YOUR INSTRUCTIONS
Repeat the stretch of entries below from the line with "Found | Found |" through the line with "Gilt Metal and White Marble console Table". Include both ends and add nothing.

DATA FOR REVIEW
►
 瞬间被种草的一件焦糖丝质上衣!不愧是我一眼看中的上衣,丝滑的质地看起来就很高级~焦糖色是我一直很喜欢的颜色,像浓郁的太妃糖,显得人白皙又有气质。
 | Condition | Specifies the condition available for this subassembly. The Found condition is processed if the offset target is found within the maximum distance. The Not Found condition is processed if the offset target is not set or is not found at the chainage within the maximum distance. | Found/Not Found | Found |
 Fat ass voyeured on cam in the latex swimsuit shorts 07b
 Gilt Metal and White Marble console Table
◄
►
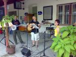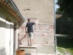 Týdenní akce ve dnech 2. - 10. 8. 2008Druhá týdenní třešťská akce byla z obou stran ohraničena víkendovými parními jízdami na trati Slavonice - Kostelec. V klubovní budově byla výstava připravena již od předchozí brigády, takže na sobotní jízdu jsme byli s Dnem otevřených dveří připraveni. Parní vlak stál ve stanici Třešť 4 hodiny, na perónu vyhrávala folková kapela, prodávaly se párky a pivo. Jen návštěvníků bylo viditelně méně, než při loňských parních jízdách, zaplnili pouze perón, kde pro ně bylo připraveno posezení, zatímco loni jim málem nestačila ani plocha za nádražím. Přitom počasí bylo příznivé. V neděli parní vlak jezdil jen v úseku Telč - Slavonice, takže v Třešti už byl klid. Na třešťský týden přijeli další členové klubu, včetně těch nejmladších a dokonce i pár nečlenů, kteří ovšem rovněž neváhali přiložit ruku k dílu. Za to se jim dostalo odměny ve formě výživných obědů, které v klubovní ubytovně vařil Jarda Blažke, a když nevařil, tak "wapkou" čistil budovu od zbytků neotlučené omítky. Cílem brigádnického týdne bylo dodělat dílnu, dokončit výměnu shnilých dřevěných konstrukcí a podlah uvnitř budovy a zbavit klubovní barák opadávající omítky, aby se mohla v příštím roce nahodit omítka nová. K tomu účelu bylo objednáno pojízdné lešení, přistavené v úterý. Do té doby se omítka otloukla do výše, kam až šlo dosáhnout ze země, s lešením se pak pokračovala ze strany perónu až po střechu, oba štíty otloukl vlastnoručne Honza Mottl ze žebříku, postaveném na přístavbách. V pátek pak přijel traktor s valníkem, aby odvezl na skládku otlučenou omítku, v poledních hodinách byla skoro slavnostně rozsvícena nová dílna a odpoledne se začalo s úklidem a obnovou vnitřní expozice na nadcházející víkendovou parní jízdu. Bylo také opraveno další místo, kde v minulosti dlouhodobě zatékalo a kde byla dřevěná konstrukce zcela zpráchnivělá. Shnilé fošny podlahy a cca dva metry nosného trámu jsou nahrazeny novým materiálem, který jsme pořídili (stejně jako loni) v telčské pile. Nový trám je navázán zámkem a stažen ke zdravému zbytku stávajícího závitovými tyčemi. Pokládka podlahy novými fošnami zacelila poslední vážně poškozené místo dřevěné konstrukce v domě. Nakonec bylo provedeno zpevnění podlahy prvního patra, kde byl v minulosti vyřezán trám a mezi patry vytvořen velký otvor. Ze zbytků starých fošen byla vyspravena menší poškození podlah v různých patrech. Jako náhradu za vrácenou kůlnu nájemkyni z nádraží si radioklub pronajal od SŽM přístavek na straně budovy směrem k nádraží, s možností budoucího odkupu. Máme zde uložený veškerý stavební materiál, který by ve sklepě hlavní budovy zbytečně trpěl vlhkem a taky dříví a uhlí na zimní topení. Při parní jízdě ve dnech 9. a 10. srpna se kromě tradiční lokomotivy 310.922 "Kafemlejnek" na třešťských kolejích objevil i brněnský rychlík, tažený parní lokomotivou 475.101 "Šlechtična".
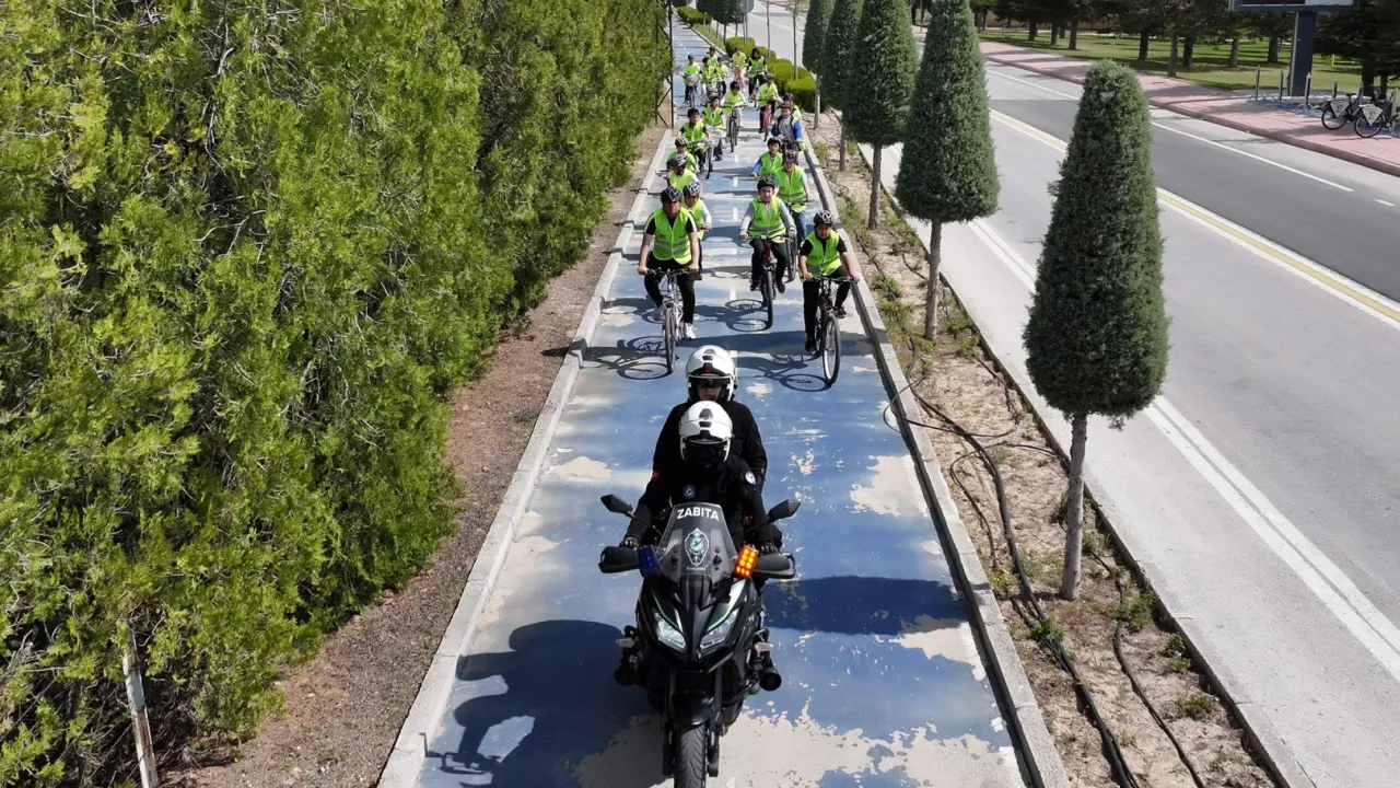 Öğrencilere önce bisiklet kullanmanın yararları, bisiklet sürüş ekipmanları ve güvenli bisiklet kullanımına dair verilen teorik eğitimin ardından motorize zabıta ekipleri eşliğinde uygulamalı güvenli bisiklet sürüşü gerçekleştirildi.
◄
REPLY
 | Condition | Specifies the condition available for this subassembly. The Found condition is processed if the offset target is found within the maximum distance. The Not Found condition is processed if the offset target is not set or is not found at the chainage within the maximum distance. | Found/Not Found | Found |
 Fat ass voyeured on cam in the latex swimsuit shorts 07b
 Gilt Metal and White Marble console Table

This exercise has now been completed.